YOUR GOAL. Lower down are entries containing pictures. Copy exactly, without those pictures, the lines from the line with "Сувенирный радиоприёмник *Темп*" through the line with "As part of the".

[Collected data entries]
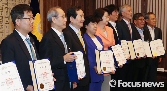 | △ 국회 공직자윤리위원들과 포즈 취한 정세균 국회의장 |
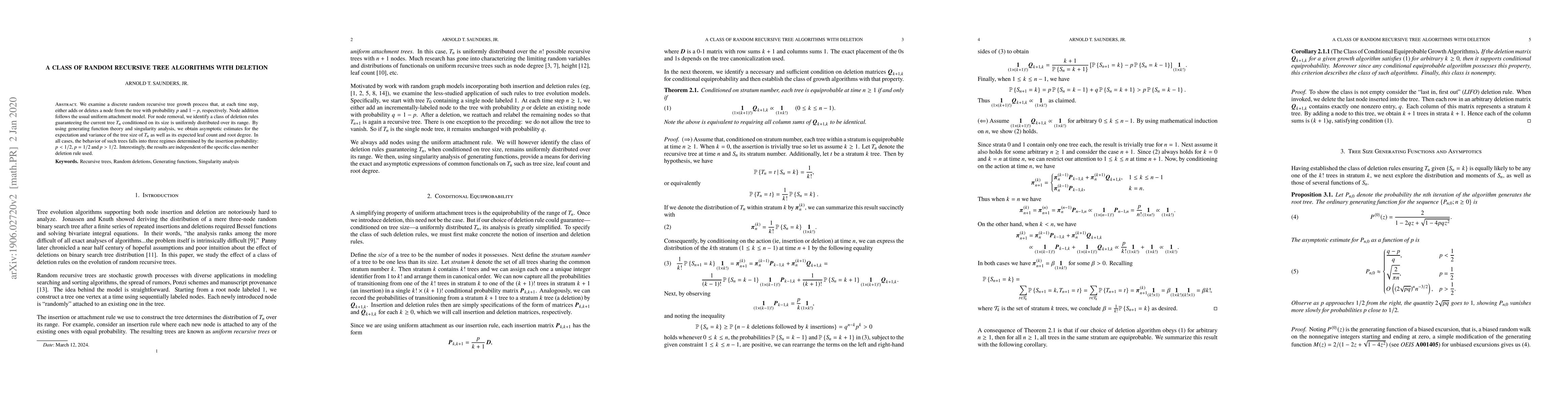 This paper studies random recursive tree algorithms that alternate between adding and deleting nodes, identifying a class of deletion rules that maintains uniform distribution of tree sizes. Asymptotic estimates for tree size, leaf count, and root degree are derived, revealing three distinct regimes based on the insertion probability $p$.
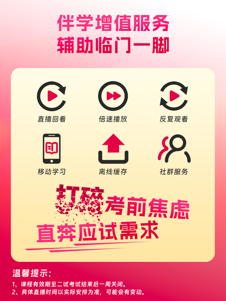 (溫馨提示:僅限在活動(dòng)期內(nèi)購(gòu)買(mǎi)課程,課程購(gòu)買(mǎi)后到二試考試結(jié)束后一周關(guān)閉,過(guò)期自動(dòng)關(guān)課)
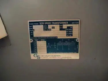 GS Hevi-Duty Electric 118 KVA SCR Drive Transformer. S/N: 203526. Specification: 0451522T00. Dry-type transformer. Percent impedance @ 338 °F: 5.2. Class: AA. Electrical requirements: 380 V (high), 460/266 V (low), 179 amps (high), 148 amps (low). Overall dimensions: 33 in. L x 21 in. W x 44 in. H.(H17).
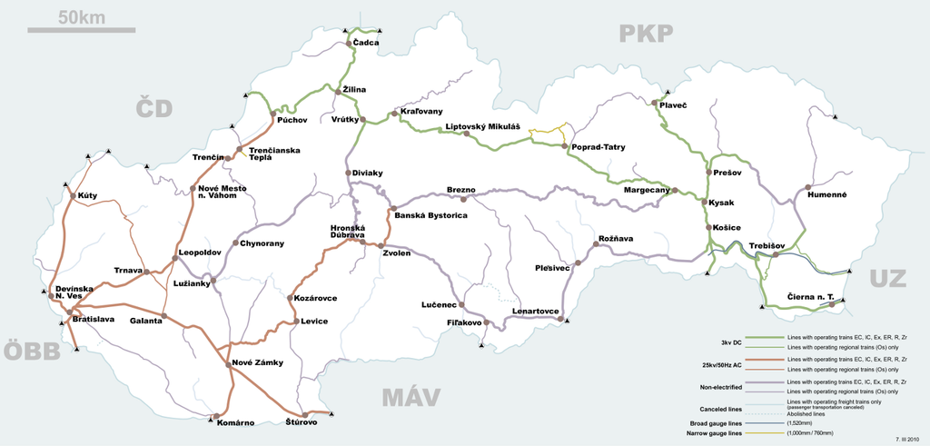 En prenant la carte des chemins de fer slovaques, nous pouvons également voir que les lignes non electrifiés (et donc Diesel), sont des lignes loin des grandes villes.
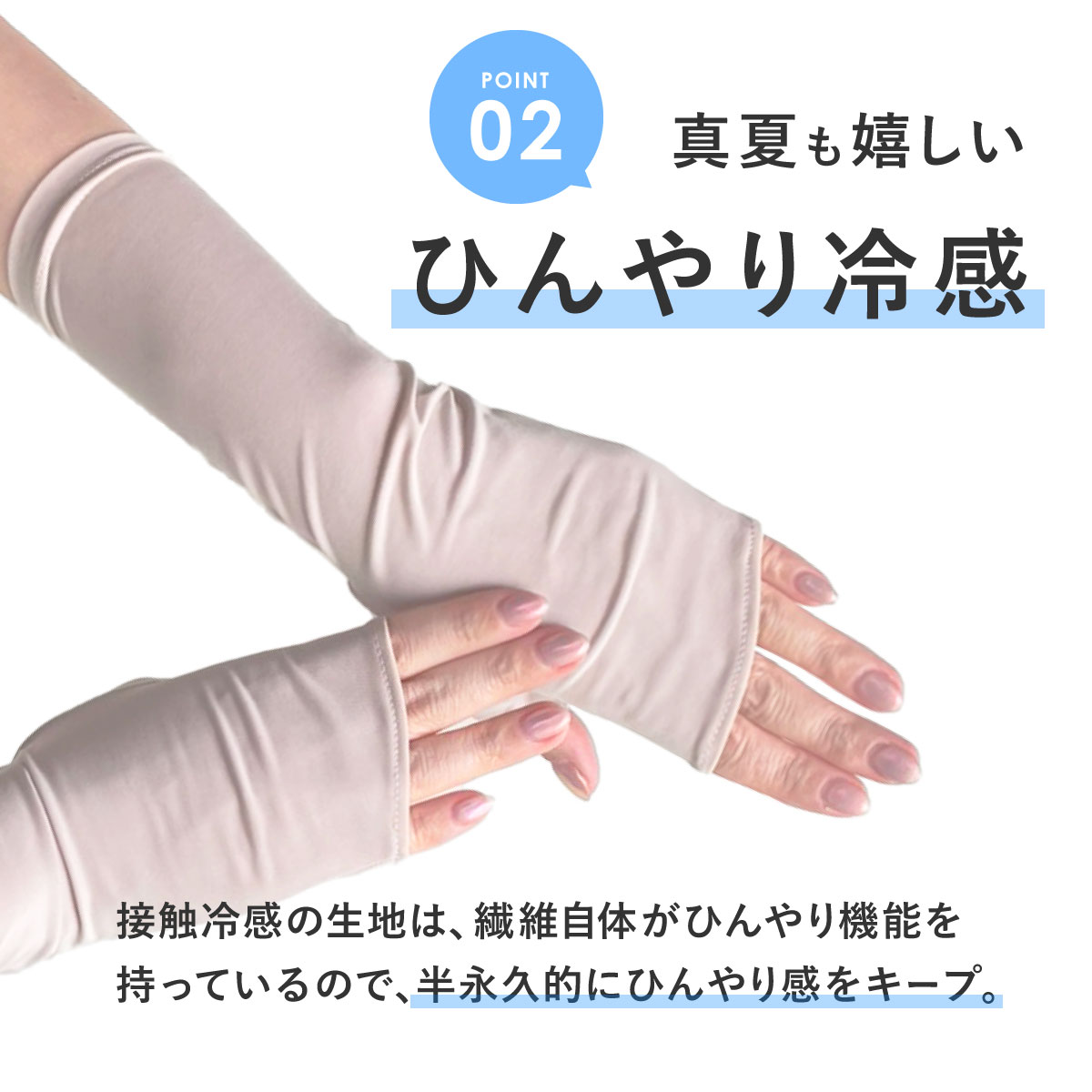 冷感ショートアームカバー 肌から放出される熱気をすばやく逃がす放熱性に優れた生地を使用することで、通気性に優れ、蒸れにくく快適な着け心地を実現。
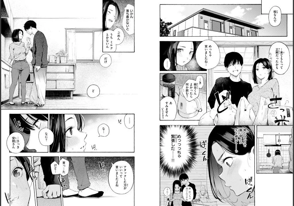 お近づきになりたいなんて思ってたら、彼が胸元をチラチラ覗いて勃起している姿を見てムラムラが限界突破!! 思わず押し倒しちゃって……。
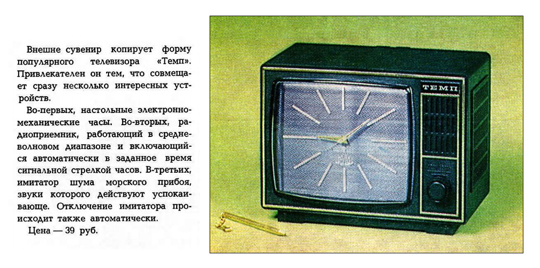 Сувенирный радиоприёмник *Темп* выпускался с 1983 года Московским ПО *Темп*. Сувенир выпускался в 2-х вариантах исполнения, в первом с радиоприёмником, генератором шума и механическими часами, во втором - с радиоприёмником и цветомузыкальной установкой из 4-х цветов.
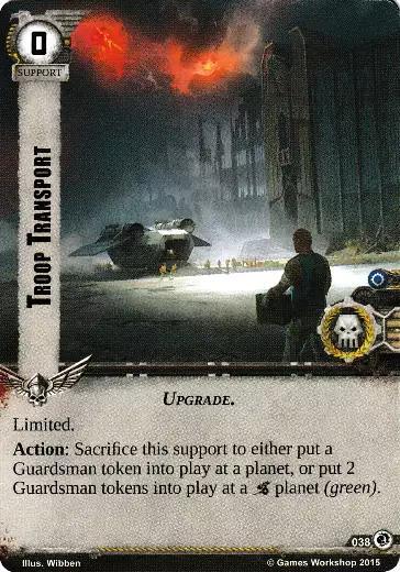 Action: Sacrifice this support to either put a Guardsman token into play at a planet, or put 2 Guardsman tokens into play at a Stronghold planet (green).
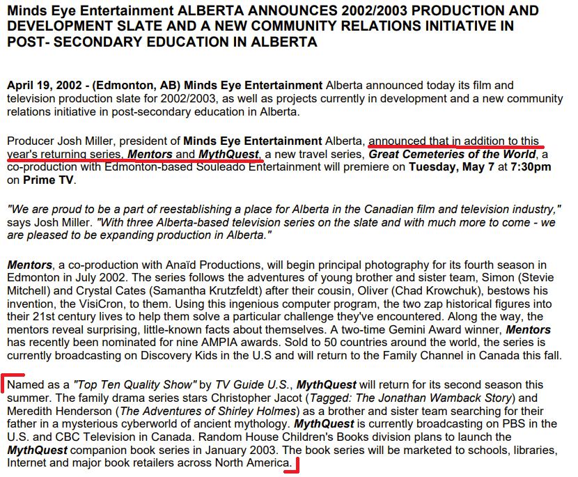 The show’s future looked bright as well, and I’ve even found articles as well as statements from Mind’s Eye Productions which both talk about the future plans for the show.
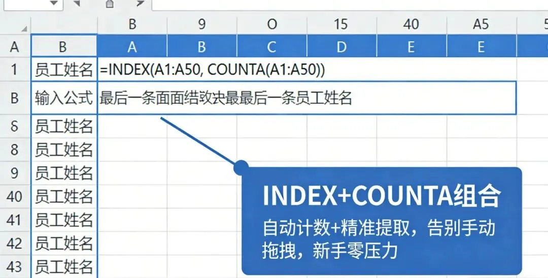 举个小例子:A1:A50是员工姓名(部分单元格为空,实际有效数据38条),输入公式=INDEX(A1:A50, COUNTA(A1:A50)),瞬间提取最后一条员工姓名;下拉填充公式,就能依次提取所有38条有效员工姓名,COUNTA自动统计有效行数,再也不用手动数、手动拖拽提取,效率直接翻倍!
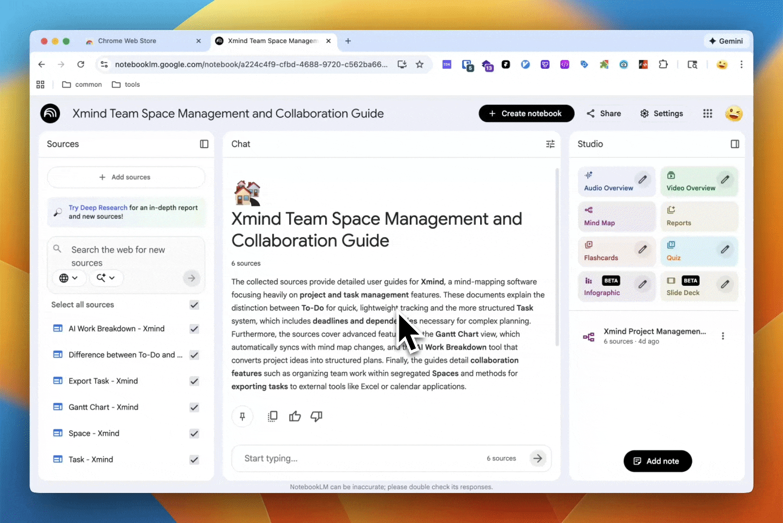 Установите экспортер карты ума NotebookLM / расширение для редактирования карт ума из Chrome Web Store.
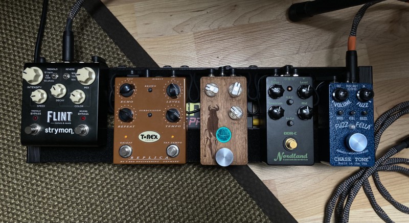 Perso j'utilise le trem et la reverb de mon ampli (super souvenir de la Flint, excellente pédale), mais sinon on est assez raccord : la Fuzz Fella dans la Nordland, ça marche bien, hein ? On a quasiment le même réglage sur la Nordland d'ailleurs. Un od léger derrière (je ne sais plus si j'ai essayé mon Centura après l'ODR-C, mais j'aime beacoup la Lighspedd) et une touche de delay numérique mais voicé analog et on est bien !
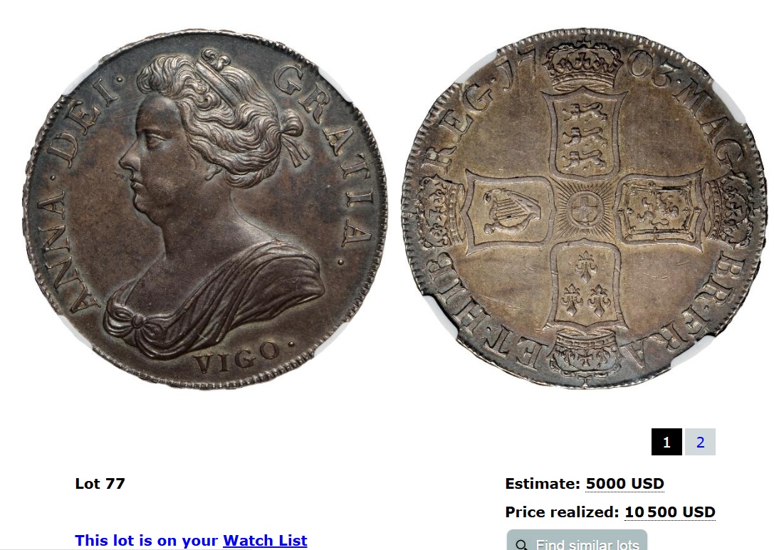 アン女王の「VIGO」は即買いのレベルのコインです。至福の1枚、是非入手されて下さい。
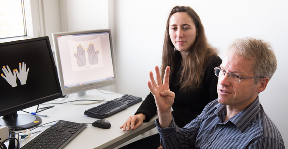 As part of the “Potsdam Embodied Cognition Group” he founded, Fischer’s current project examines the significance of finger counting for the representation of numbers in the brain. So far they have tested only adults. PhD student Elena Sixtus demonstrates a method in the laboratory for examining the relation between the fingers’ discrimination capacity and number processing, in which test subjects hold two handles that alternately stimulate their fingertips. While the subject says the number corresponding to the finger, the researcher can monitor the speed and precision of the information on a connected computer. Marks on the stimulated fingers appear on the monitor that displays two hands with the fingers spread.
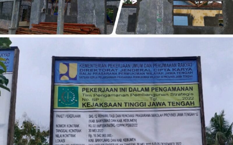 PIRNAS.COM | Banyumas – Untuk kenyamanan dalam proses pendidikan, Pemerintah pusat melalui Kementerian Pekerjaan Umum dan Perumahan Rakyat (PUPR) Direktorat Jenderal Cipta Karya. Melaksana rehabilitasi dan renovasi prasarana sekolah, yang dilaksanakan oleh PT. UA. Pekerjaan Tersebut terdiri dari 12 Paket pekerjaan meliputi Kabupaten Banyumas dan Kebumen. Dengan nilai Kontrak Pekerjaan sebesar Rp.16.542.900.000.

SOLUTION TO THIS EXERCISE.
 Сувенирный радиоприёмник *Темп* выпускался с 1983 года Московским ПО *Темп*. Сувенир выпускался в 2-х вариантах исполнения, в первом с радиоприёмником, генератором шума и механическими часами, во втором - с радиоприёмником и цветомузыкальной установкой из 4-х цветов.
 Action: Sacrifice this support to either put a Guardsman token into play at a planet, or put 2 Guardsman tokens into play at a Stronghold planet (green).
 The show’s future looked bright as well, and I’ve even found articles as well as statements from Mind’s Eye Productions which both talk about the future plans for the show.
 举个小例子:A1:A50是员工姓名(部分单元格为空,实际有效数据38条),输入公式=INDEX(A1:A50, COUNTA(A1:A50)),瞬间提取最后一条员工姓名;下拉填充公式,就能依次提取所有38条有效员工姓名,COUNTA自动统计有效行数,再也不用手动数、手动拖拽提取,效率直接翻倍!
 Установите экспортер карты ума NotebookLM / расширение для редактирования карт ума из Chrome Web Store.
 Perso j'utilise le trem et la reverb de mon ampli (super souvenir de la Flint, excellente pédale), mais sinon on est assez raccord : la Fuzz Fella dans la Nordland, ça marche bien, hein ? On a quasiment le même réglage sur la Nordland d'ailleurs. Un od léger derrière (je ne sais plus si j'ai essayé mon Centura après l'ODR-C, mais j'aime beacoup la Lighspedd) et une touche de delay numérique mais voicé analog et on est bien !
 アン女王の「VIGO」は即買いのレベルのコインです。至福の1枚、是非入手されて下さい。
 As part of the “Potsdam Embodied Cognition Group” he founded, Fischer’s current project examines the significance of finger counting for the representation of numbers in the brain. So far they have tested only adults. PhD student Elena Sixtus demonstrates a method in the laboratory for examining the relation between the fingers’ discrimination capacity and number processing, in which test subjects hold two handles that alternately stimulate their fingertips. While the subject says the number corresponding to the finger, the researcher can monitor the speed and precision of the information on a connected computer. Marks on the stimulated fingers appear on the monitor that displays two hands with the fingers spread.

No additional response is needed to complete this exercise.